L’Africa si estende al centro del globo e il vasto continente albergò e vide svilupparsi in evoluzione le più varie forme di vita; il suo paesaggio assunse ed assume tuttora gli aspetti più diversi, molteplici ed opposti.
La Libia, secondo Mu’ammar Gheddafi, il suo capo indiscusso da decenni, è il cuore dell’Africa e se ne proclama polo d’aggregazione morale e politica per la formazione di una grande comunità economica e sociale africana.
Per noi la Libia è quell’immenso “scatolone di sabbia” dalle cui viscere sgorga il petrolio, il tesoro dei nostri tempi e nelle quali, in tempi più recenti, sono stati scoperti incalcolabili, ma non illimitati depositi di acqua fossile, riportata in superficie e distribuita dal sud verso il lontano nord dal Grande Fiume Costruito dall’Uomo per far fiorire il deserto e sfruttarlo a fini agricoli e produttivi.
Il vero oro della Libia, però, non è solo il petrolio, ma la sabbia, come dice Ibrahim, la guardia turistica assegnataci dall’agenzia libica per tutto il viaggio.
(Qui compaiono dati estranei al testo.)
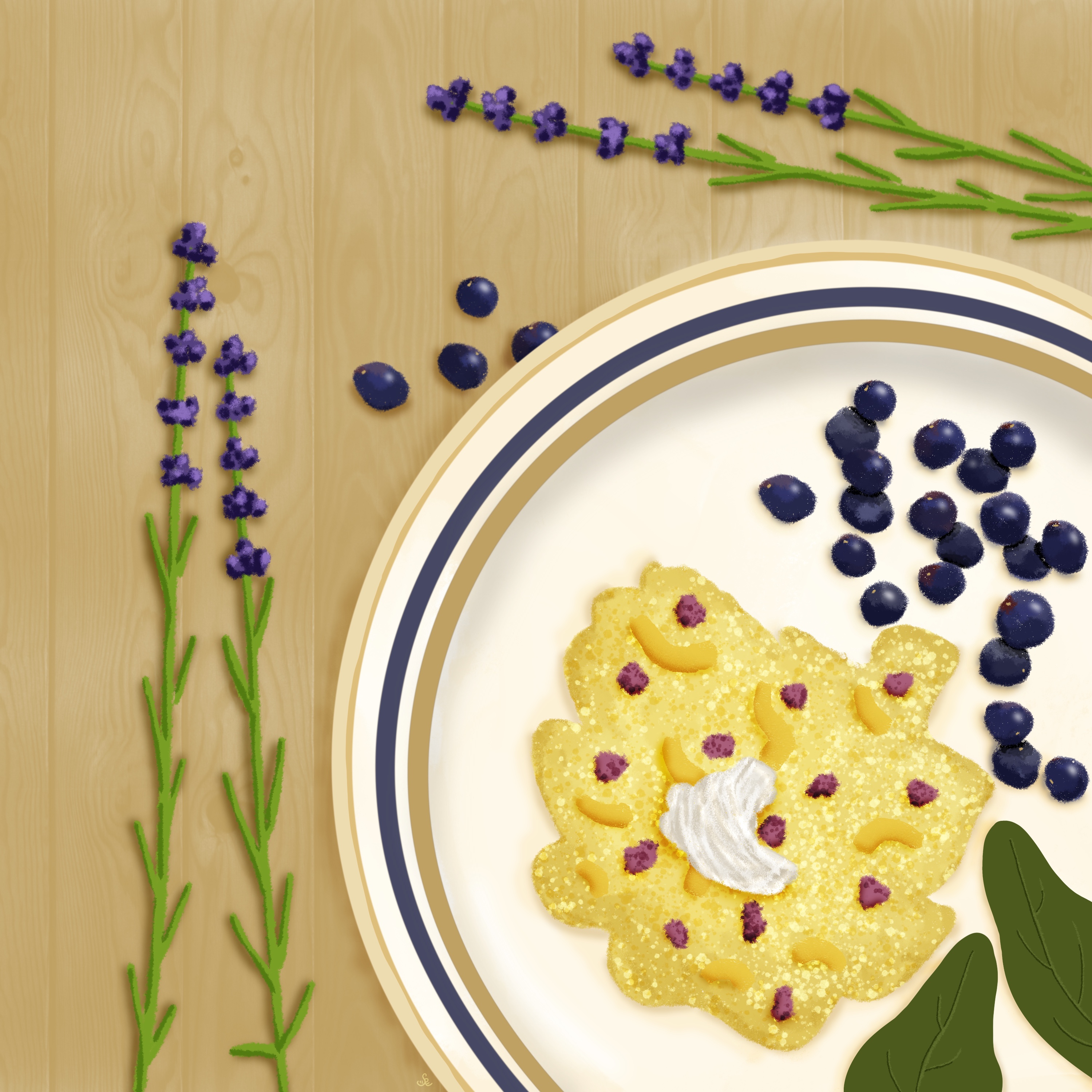 Today the prompt is on my table, so here’s my breakfast! It’s scrambled eggs with cheese and summer sausage with a dollop of cream cheese, a bit of spinach, and blueberries. Of course, a few spilled besides the lavender from the garden.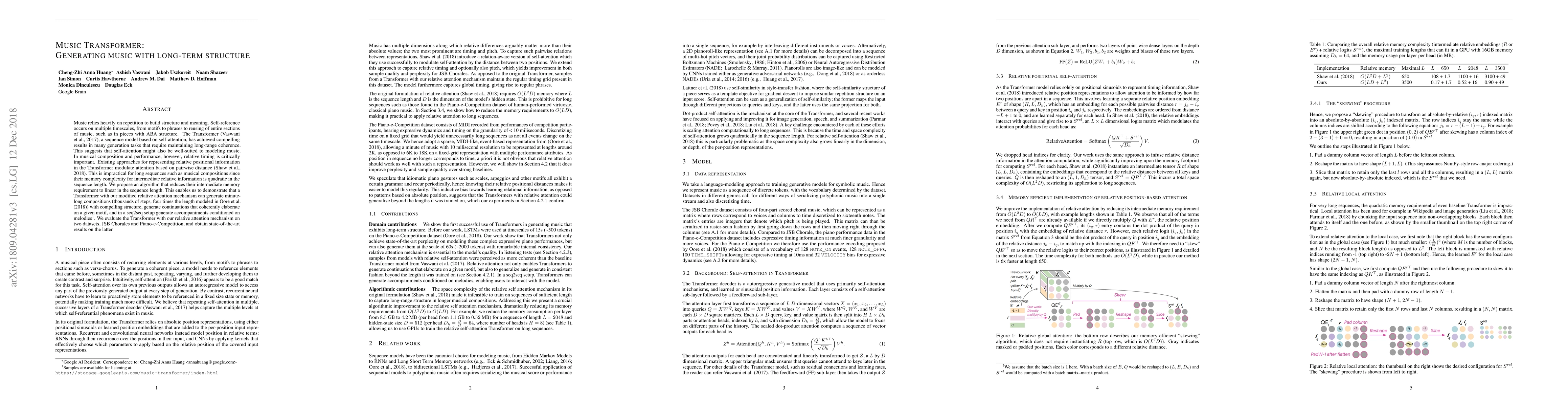 Music relies heavily on repetition to build structure and meaning. Self-reference occurs on multiple timescales, from motifs to phrases to reusing of entire sections of music, such as in pieces with ABA structure. The Transformer (Vaswani et al., 2017), a sequence model based on self-attention, has achieved compelling results in many generation tasks that require maintaining long-range coherence. This suggests that self-attention might also be well-suited to modeling music. In musical composition and performance, however, relative timing is critically important. Existing approaches for representing relative positional information in the Transformer modulate attention based on pairwise distance (Shaw et al., 2018). This is impractical for long sequences such as musical compositions since their memory complexity for intermediate relative information is quadratic in the sequence length. We propose an algorithm that reduces their intermediate memory requirement to linear in the sequence length. This enables us to demonstrate that a Transformer with our modified relative attention mechanism can generate minute-long compositions (thousands of steps, four times the length modeled in Oore et al., 2018) with compelling structure, generate continuations that coherently elaborate on a given motif, and in a seq2seq setup generate accompaniments conditioned on melodies. We evaluate the Transformer with our relative attention mechanism on two datasets, JSB Chorales and Piano-e-Competition, and obtain state-of-the-art results on the latter.

Sentiamo che ha ragione, perché è il deserto che esercita il massimo fascino ed attrazione e stimola la voglia di viaggio degli occidentali malati d’Africa.
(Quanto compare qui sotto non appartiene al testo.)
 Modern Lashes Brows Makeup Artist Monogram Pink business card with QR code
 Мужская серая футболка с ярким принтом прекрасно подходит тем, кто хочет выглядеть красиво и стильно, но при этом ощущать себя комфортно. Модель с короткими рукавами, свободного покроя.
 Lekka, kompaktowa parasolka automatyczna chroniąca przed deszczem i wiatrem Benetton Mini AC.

Distanziati da quattro o cinque tipi di deserto, i non numerosi centri abitati del vasto paese sono poli di vita nei quali si assiste ad un animarsi improvviso di gente, armenti e mezzi motorizzati che trovano spazio tra il verde delle palme, delle acacie, degli eucalipti e di appezzamenti coltivati. Fa impressione a chi percorre un itinerario, come all’improvviso l’animazione di questi centri finisca e ricominci monotono l’alternarsi nei vari aspetti dello spazio desertico.
Percorri centinaia di chilometri incrociando solo qualche camion o vedendoti superare da rare vetture a velocità sostenuta sul rettifilo dell’asfalto; sola compagnia è la condotta elettrica non distante, la fascia violetta di dune lontane o il profilo ininterrotto di falesie brunastre, che arretrando si aprono in anse di sabbia e pietra o avanzando si chiudono in monumentali promontori rocciosi. Niente verde, niente alberi, solo mille sfumature di giallo e rari arbusti riarsi.
Un aspetto assolutamente diverso è quello delle zone costiere mediterranee con la capitale Tripoli e gli altri centri non lontani delle celebri città romane.
Il nostro viaggio, dopo la rapida traversata della Tunisia e lo stressante passaggio di frontiera a Ras Ajdir durato, tra una pratica e l’altra, più di sei ore, comincia a Bu Kammash. La strada decisamente punta a sud. Il primo impatto è con un ambiente dove regnano incontrastati vento e sabbia. Ci aspettavamo il sole, invece ben presto un cielo grigio e chiuso manda giù tra la nebbia una pioggerellina sferzante. I dromedari vagano nei pressi della condotta elettrica che ci affianca quasi sempre fino a Nalut, la strada di tanto in tanto è ingombra di sabbia, la cui consistenza va dal ruvido dei granelli all’impalpabile del talco. A Nalut, sul ciglio di un vasto altopiano, il Jabel Nafusa, si apre un bel panorama verso oriente.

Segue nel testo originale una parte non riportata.